There were exciting moments as well, when our love language of sex was a good thing. Back then, we didn’t really understand each other's bodies just yet. We were still shy and putting genuine effort into understanding our pleasures, wants and needs. We were fulfilling them simply because we loved one another and wanted to reach a cosmic sensation, one that isn’t a replacement for a lack of communication. The genuine curiosity about each other’s needs never disappeared though, it just felt different in the beginning. I guess the beginning came with a sort of thrill, of wanting to solve the equation of each other and each other’s bodies. There was also the thrill of recognizing someone's insecurities and letting them know that they are beautiful and that there is nothing to be insecure about. There was the thrill in kissing each one of his stretch marks, to let him know they were beautiful when he would say they weren’t. There was an overall acceptance and understanding told through sex and touch and it was sensational and beautiful.

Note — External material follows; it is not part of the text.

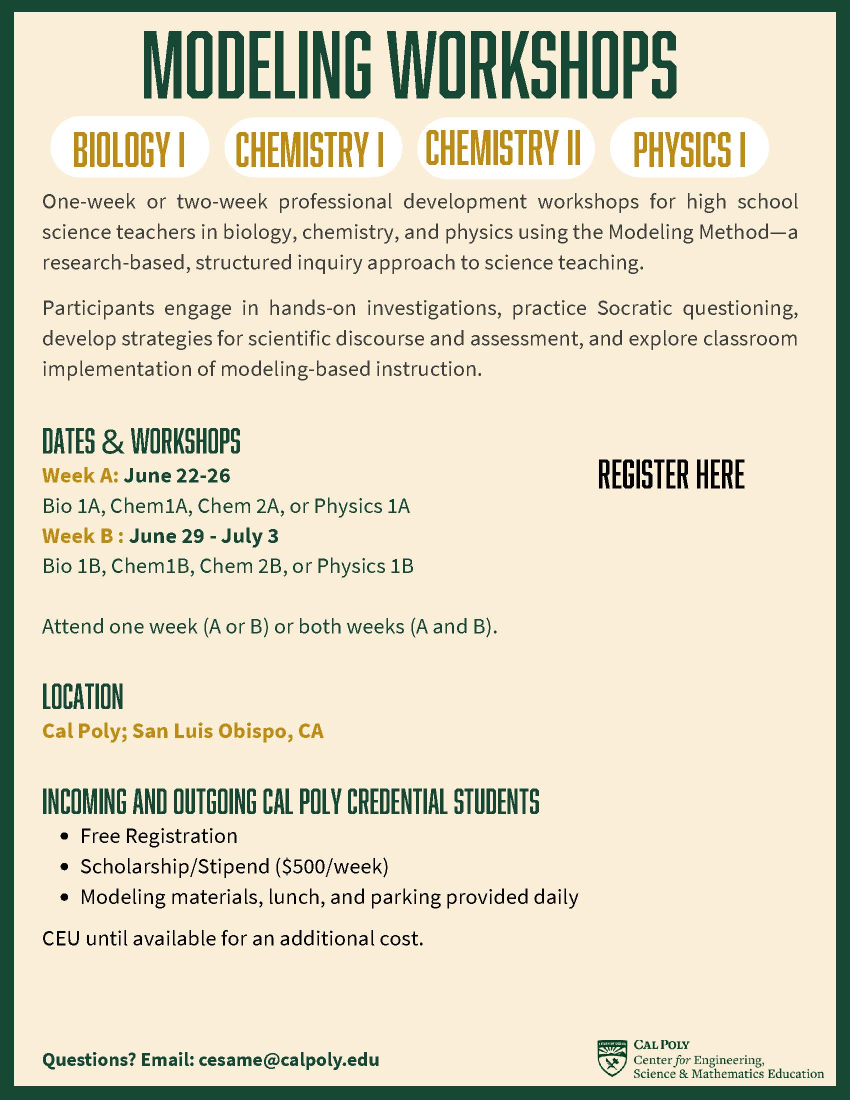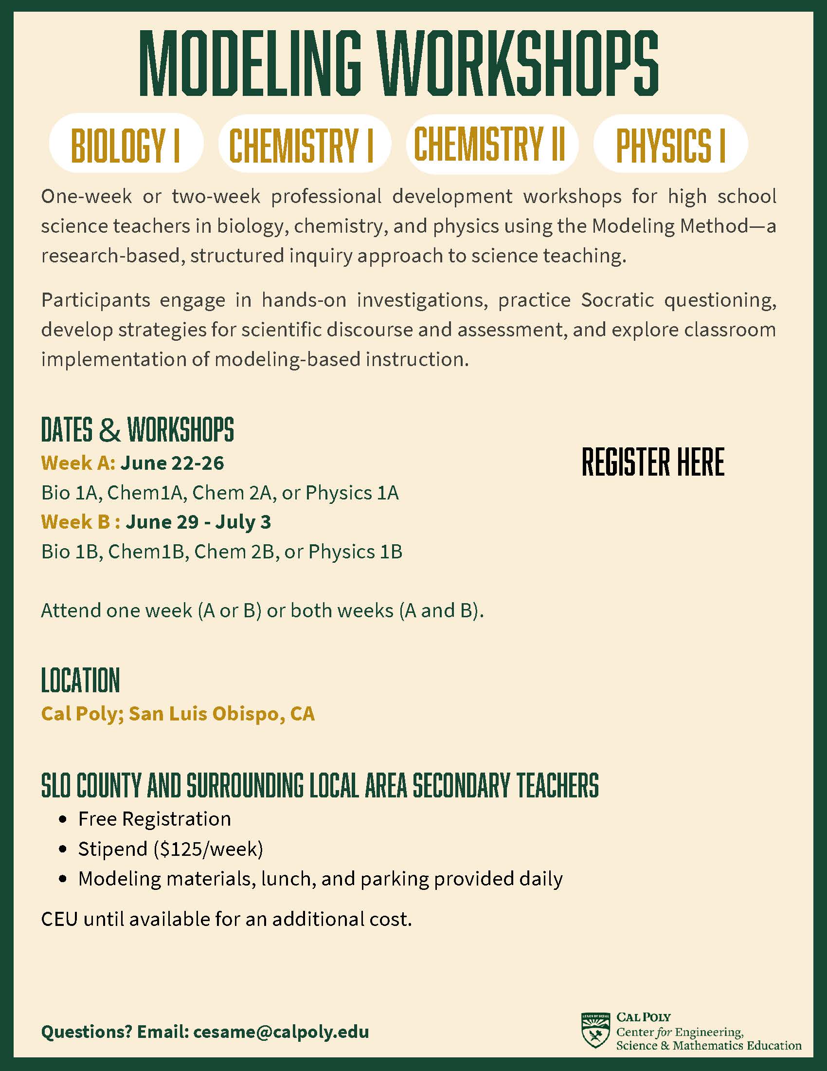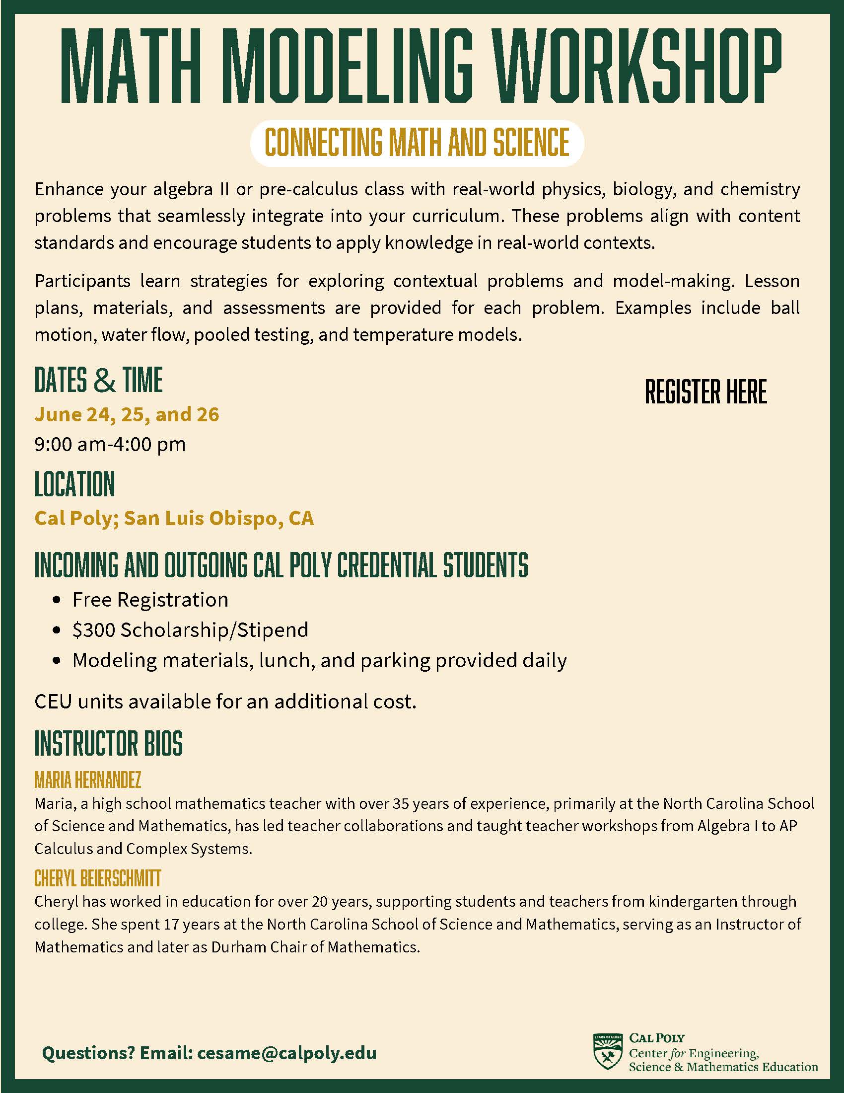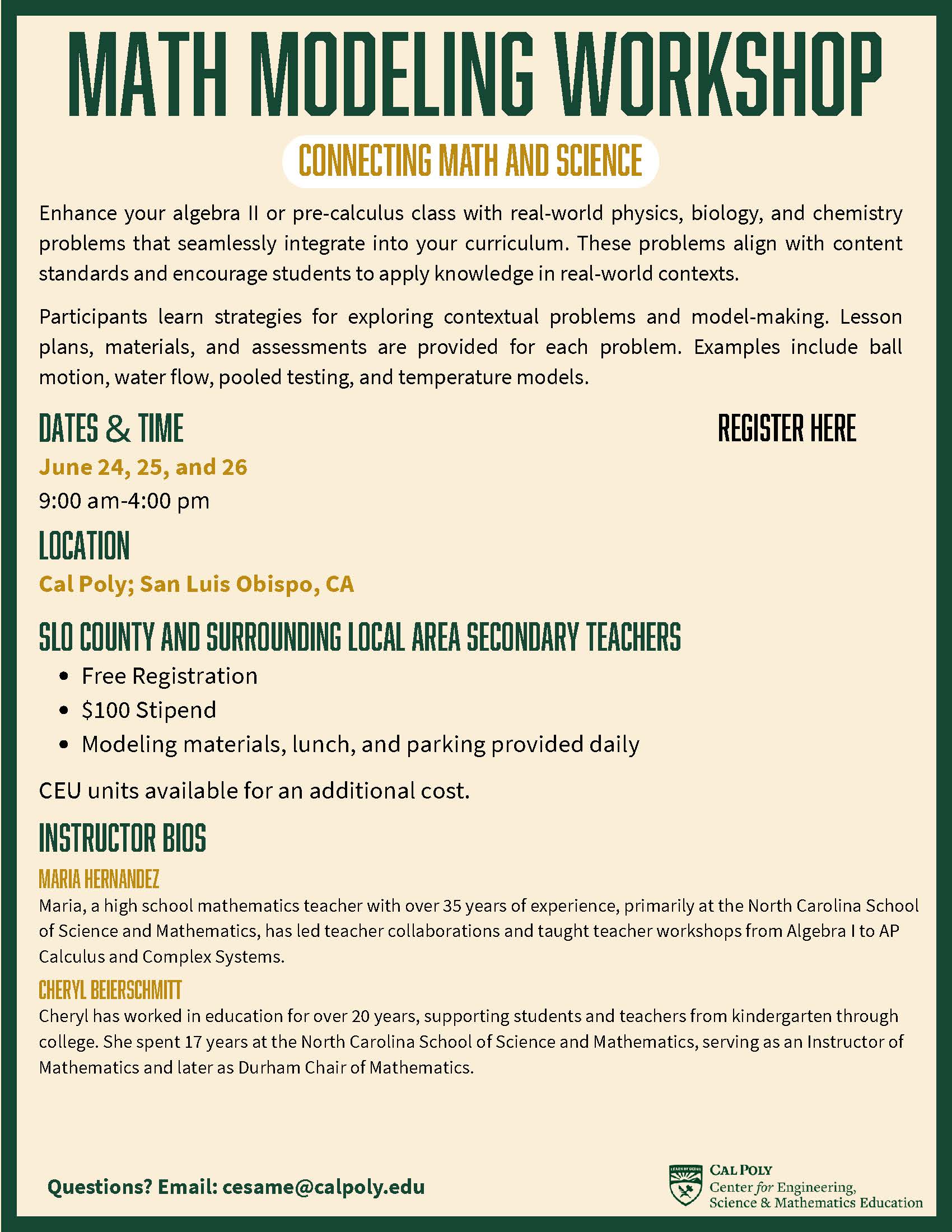 For more information, please email: cesame@calpoly.edu

Once a relationship has gone wrong, we often find ourselves in a place where we’re no longer able to verbally communicate. The high of a perfectly healthy relationship can be very addictive, but so can the sex that replaces the absent communication in a relationship that has gone sour. While we were still good and our relationship healthy, everything felt brighter and sharper - the skies, the music, the colors, my thoughts, and our laughter felt more genuine. There was an excitement throughout the day that I simply could not escape. And I could not wait to feed on this person and that feeling.

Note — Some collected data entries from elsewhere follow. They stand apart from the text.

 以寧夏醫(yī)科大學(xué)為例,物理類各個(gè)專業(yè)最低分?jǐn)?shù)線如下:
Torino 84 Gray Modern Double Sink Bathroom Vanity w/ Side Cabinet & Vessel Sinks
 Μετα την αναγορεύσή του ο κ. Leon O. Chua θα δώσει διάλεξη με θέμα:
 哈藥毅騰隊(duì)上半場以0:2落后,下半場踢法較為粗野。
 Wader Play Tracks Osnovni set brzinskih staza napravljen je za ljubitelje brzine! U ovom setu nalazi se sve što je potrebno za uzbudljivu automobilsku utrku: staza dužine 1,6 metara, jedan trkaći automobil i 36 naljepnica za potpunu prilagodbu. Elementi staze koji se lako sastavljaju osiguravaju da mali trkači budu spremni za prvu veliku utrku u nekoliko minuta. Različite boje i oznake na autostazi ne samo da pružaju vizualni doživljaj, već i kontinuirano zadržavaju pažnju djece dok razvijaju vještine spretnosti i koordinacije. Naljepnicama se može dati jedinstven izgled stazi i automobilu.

How do we differ between love and sex? And is there a difference? How do we know and acknowledge that we’ve entered that slippery slope of toxic sex where nothing is being said nor solved? I believe a lot of us aren’t aware of how sex can sometimes turn into a toxic coping mechanism replacing communication, or at least choose not to be, before it’s too late. We can’t predict who we’ll meet along the way, and who we’ll allow to mold our understanding of sex and love. Having an idea of what love and sex mean to me perhaps could’ve helped me avoid becoming as lost as I was. And now, how do I reinvent my love language once it has been overshadowed by using sex as an escape from communication?

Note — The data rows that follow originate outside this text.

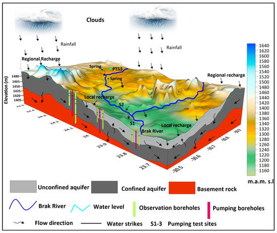 A 3D conceptual model explaining areas of potential recharge, both local and regional, and flow characteristics was created using the surface elevations and geology derived from drill log data (Figure 15). The study’s findings recommended a model consisting of two to three layers with varying hydrogeological properties: unconfined, semiconfined, and the basement aquifer [9]. In the lower and middle catchment areas, sand, clay, and gravel form the unconfined aquifer with a thickness ranging from 0 to 10 m. The underlying semi-confined aquifer is represented by low-permeable shale, with dolerite dominant in the lower catchment, as well as mudstone and sandstone, and has a thickness ranging from 15 to 50 m. A confined aquifer is covered above by low-permeability clay layers (aquitards) in the lower and middle catchments, and below by alternating mudstone and shale formations. In the upper catchment, stratigraphic data indicate impermeable layers both above and below the aquifer, limiting vertical flow and resulting in pressurized groundwater conditions (Figure 15). The bottom layer represents the basement aquifer, which is made up of dolerite formations situated below 50 m (Figure 15). The middle and upper catchments had thin alternating layers, whereas the lower catchment had a consistent thick layer of shale and dolerite. Higher elevations are where recharge occurs because of rainfall infiltrating into the subsurface. After that, the groundwater flows through the aquifer in a downward direction from the upper catchment (high elevation) to the lower catchment (lower elevation) (Figure 16). Groundwater discharge occurs as springs where the topography drops below the water table or where a confining layer pushes the flow to the surface (Figure 15). The borehole depth ranges from 13.5 to 60 m, depth to static water level from 3.32 to 4.77 m, water strike from 5.5 to 41 m, and the yield of 0.5 to 4.5 L/s. Yields exceeding 5 L/s can be found in the weathered and fractured shale and mudstone beneath the alluvial formation, particularly in areas where nearly complete calcification has occurred [17]. The Elandsfontein Spruit River, originating southeast of Hanover and the Brak River near Caroluspoort, along with several minor tributaries, drains the entire study area (Figure 15). The confluence of these two ephemeral river systems lies approximately 10 km northwest of De Aar town. These rivers typically flow briefly and mainly during and after heavy rainfall. Numerous slopes of dolerite hills frequently intersect the intermediate valley areas. The riverbeds lie above the groundwater table, leading to the formation of standing pools of water along the Elandsfontein Spruit and Brak River systems [10]. The lower catchment exhibited transmissive fractures and relatively low hydraulic conductivity, indicating limited groundwater movement and recharge (Table 3). Compared to the lower catchment, the middle and upper catchments exhibited moderate to high storativity and transmissive fractures, indicating greater water storage and release from the matrix, as well as faster groundwater transmission. Furthermore, the results indicate that local and regional recharge potentials predominate in the study area, with regional recharge sustaining groundwater availability. The lower catchment is dominated by regional recharge rather than local recharge, resulting in reliable groundwater allocation.
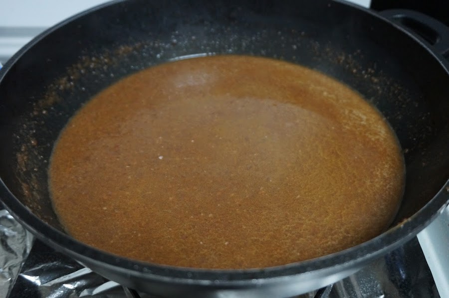Ponemos las 2 cucharadas de soja y un poco de caldo o agua.
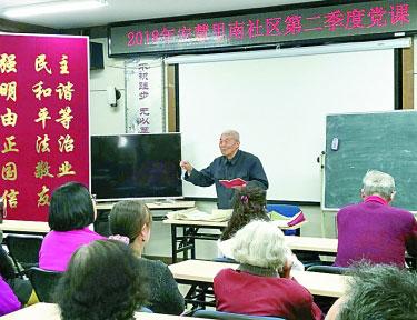 日前,北京市朝陽區(qū)亞運村街道舉辦了“我為身邊黨員點贊”主題黨日活動。圖為被群眾點贊的老黨員黃寅生在給社區(qū)黨員群眾講黨課。曹雷 攝/光明圖片
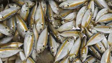 • ثلاث سمكات بوري، أو بلطي.
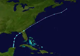 In Cuba, heavy rainfall resulted in flooding in the western portions of the island, especially Pinar del Río Province. Water left several roads impassable and inundated crops in some areas;[45] about 840,000 acres (340,000 ha) of crops were flooded overall.[46] In Old Havana, mudslides severely damaged three homes and impacted numerous others to a lesser degree.[47][48] The storm also produced heavy rainfall over portions of Florida, resulting in flooding in some areas, especially Hillsborough and Pinellas counties.[24] There, the freshwater flooding was compounded by coastal flooding from high tides. Winds caused over 93,300 power outages throughout the state.[49] The storm spawned at least one tornado, which knocked down trees and damaged several cars and homes in Jacksonville.[24] Four fatalities occurred in the Florida Panhandle due to drowning.[50] Heavy rainfall was also observed in portions of Georgia, North Carolina, and South Carolina. Two additional drowning deaths occurred in Georgia and one in Alabama. Damage throughout the East Coast reached $1.04 million.[51]
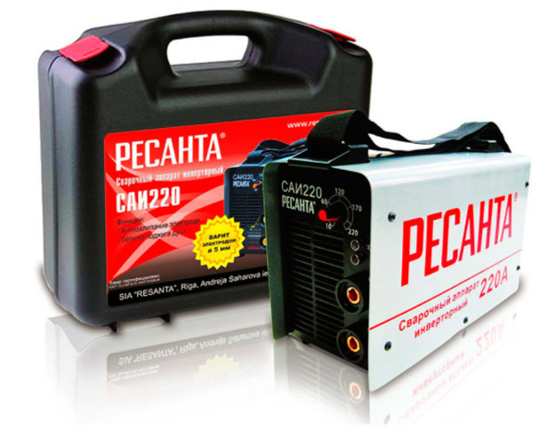 Инверторный сварочный аппарат Ресанта САИ-220 в кейсе подходит для сварки металлических конструкций постоянным током покрытым электродом до 5 мм. Сварочный ток регулируется от 10 до 220 А ровных сварных швов и для более точной работы.
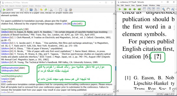 الان برای فراخوانی رفرنس ها به مشکل برخوردم و رفرنس ها طبق شکل زیر در فایل نشان داده نمی شوند .
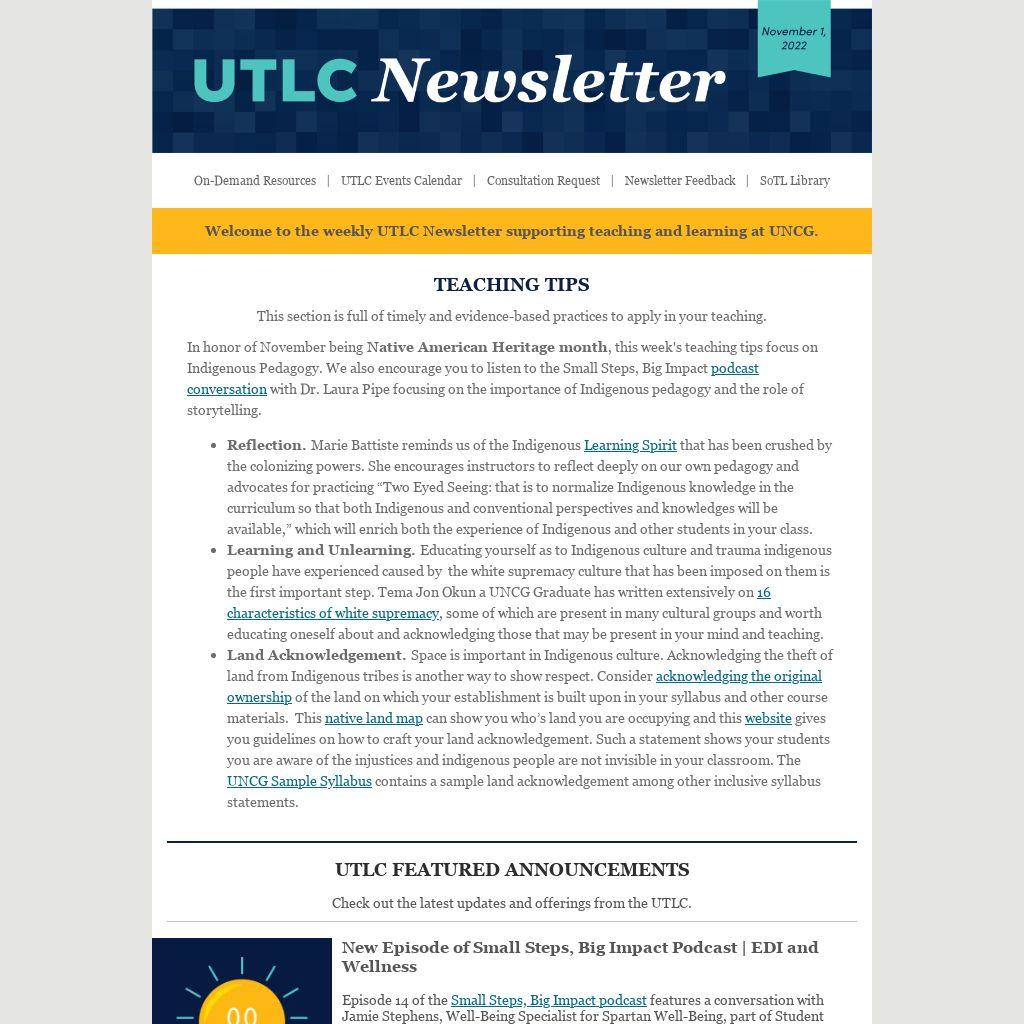 Welcome to the weekly UTLC Newsletter supporting teaching and learning at UNCG.

I believe the answer might be to start truly loving myself. To create that strong indepent foundation of the self. Using my own lens, loving myself through my own touch. And eventually allowing myself love through someone else’s touch too. Intimacy can go as deep as merging your physical needs with another, but love goes deeper. Especially the love that you have for yourself. Once you have found that, you’ll be able to share that with another in a healthy way. Reach for recognizing yourself, rather than the chest and the body that had once kept you warm. A body will keep you warm for just a while, but only until it’s time for them to go.